Frankl refutes Sigmund Freud's theory, (and also materialists' theories) that human beings are 'conditioned' by their external surroundings. Freud had asserted, "Let one attempt to expose a number of the most diverse people uniformly to hunger. With the increase of the imperative urge of hunger, all individual differences will blur, and in their stead will appear the uniform expression of the one unstilled urge."

Frankl replies, "Thank heaven, Sigmund Freud was spared knowing the concentration camps from the inside. His subjects lay on a couch designed in the plush style of Victorian culture, not in the filth of Auschwitz. There, the 'individual differences' did not 'blur' but, on the contrary, people became more different: people unmasked themselves, both the swine and saints. ... We may predict the movements of a machine, of an automation; more than this, we may even try to predict the mechanisms of the human psyche as well. But man is more than psyche."


Our religions teach that we can attain inner peace, regardless of our external conditions. And many religionists have discovered the truth of this principle, rather than just the theory.

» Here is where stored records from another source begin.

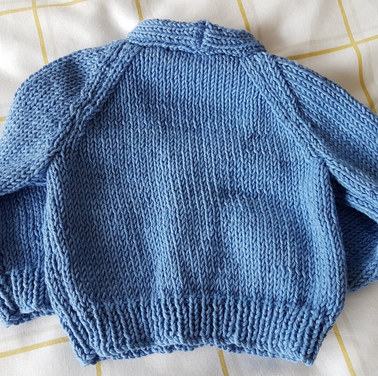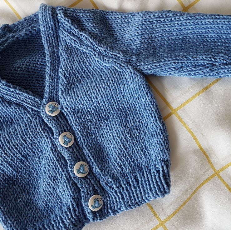 A simple but practical cardigan for a new born baby boy with raglan sleeves and a 'v' neck
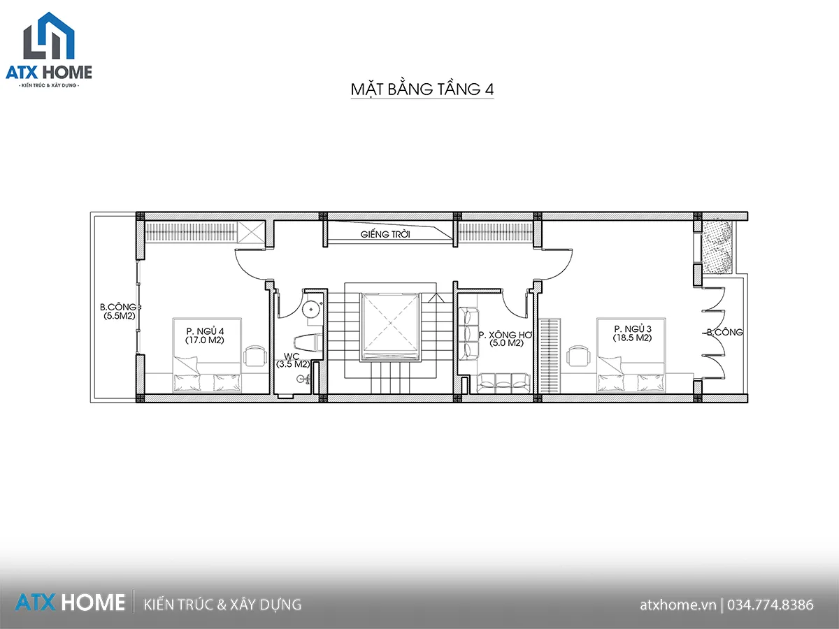 Hai tầng này được bố trí 4 phòng ngủ rộng rãi. Tầng 3 mỗi phòng đều có WC riêng và ban công. Tầng 4 có 2 phòng ngủ và còn được tích hợp thêm phòng xông hơi, giúp gia chủ thư giãn sau ngày dài làm việc – một tiện ích hiếm thấy ở nhà phố hiện nay.
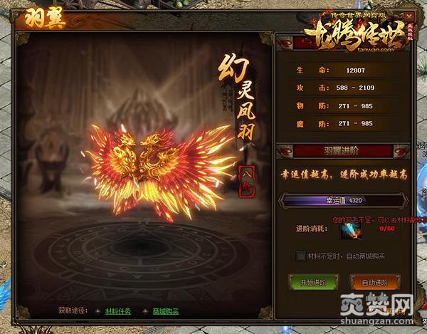 想要游戏玩的爽,角色的超高战斗力是最佳的保障。贪玩《传奇世界》网页版的游戏角色等级满足要求以后就能开启羽翼系统。羽翼总共分为15阶,每升级到下一阶的羽翼都有自己独特的外形和强大的属性加成。羽翼升的等级越高,造型就越发霸气炫酷,属性加成也更加强大,压制敌人羽翼能提供超强助力。提升羽翼需要消耗羽毛,活动礼包购买可得。
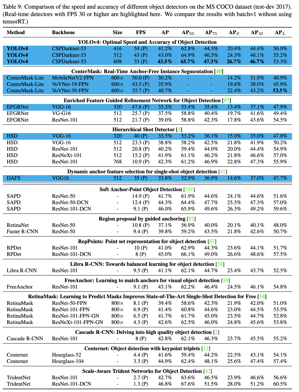 - 验证了目前SOTA的Bag-ofFreebies(不增加推理成本的trick)和Bag-of-Specials(增加推理成本的trick)的有效性。
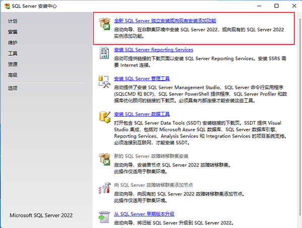 6、选择全新SQL Server独立安装或向现有安装添加功能;
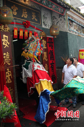 中新网深圳5月6日电(郑小红 李海友 邓小伟)今年5月6日(农历三月廿三)是“中华海神”妈祖诞辰1050周年纪念日,在中英街,村民们以敲锣打鼓、舞麒麟、贡祭品、招待八方来客免费品尝“九簋菜”等流传已久的民俗方式予以纪念,中英街关口排满了前来祈福的市民。

When the brain deteriorates and more or less dissolves, so too do the feelings and emotions. Any soul or spirit or whatever it is you want to call it dissolves along with the neurons

TheFazz, fow do you know this? You might have a pleasant surprise when your number is up.
We know that our thoughts and emotions are controlled by various parts of the brain by scans

See reply #10. All in all, consciousness is the 'essence' of one's being which intrinsically experiences life.
Reply #20 Top
This is where religious wisdom gets ‘deeper’ than materialism


That is what i have been trying to get at -
Reply #21 Top
"When buried, it is a physical body; when raised, it will be a spiritual body. ... There are heavenly bodies and earthly bodies; the beauty that belongs to heavenly bodies is different to the beauty that belongs to earthly bodies." (1 Corinthians 15.44; 15.40.).

I believe that in Heaven, we will retain our individuality and will see God, His Angels, and our loved ones.


This most definately is what I believe happens. And to put another spin on this, what about dreams of our loved ones when they die? Is anyone going to say those dreams or not real? The soul does live on.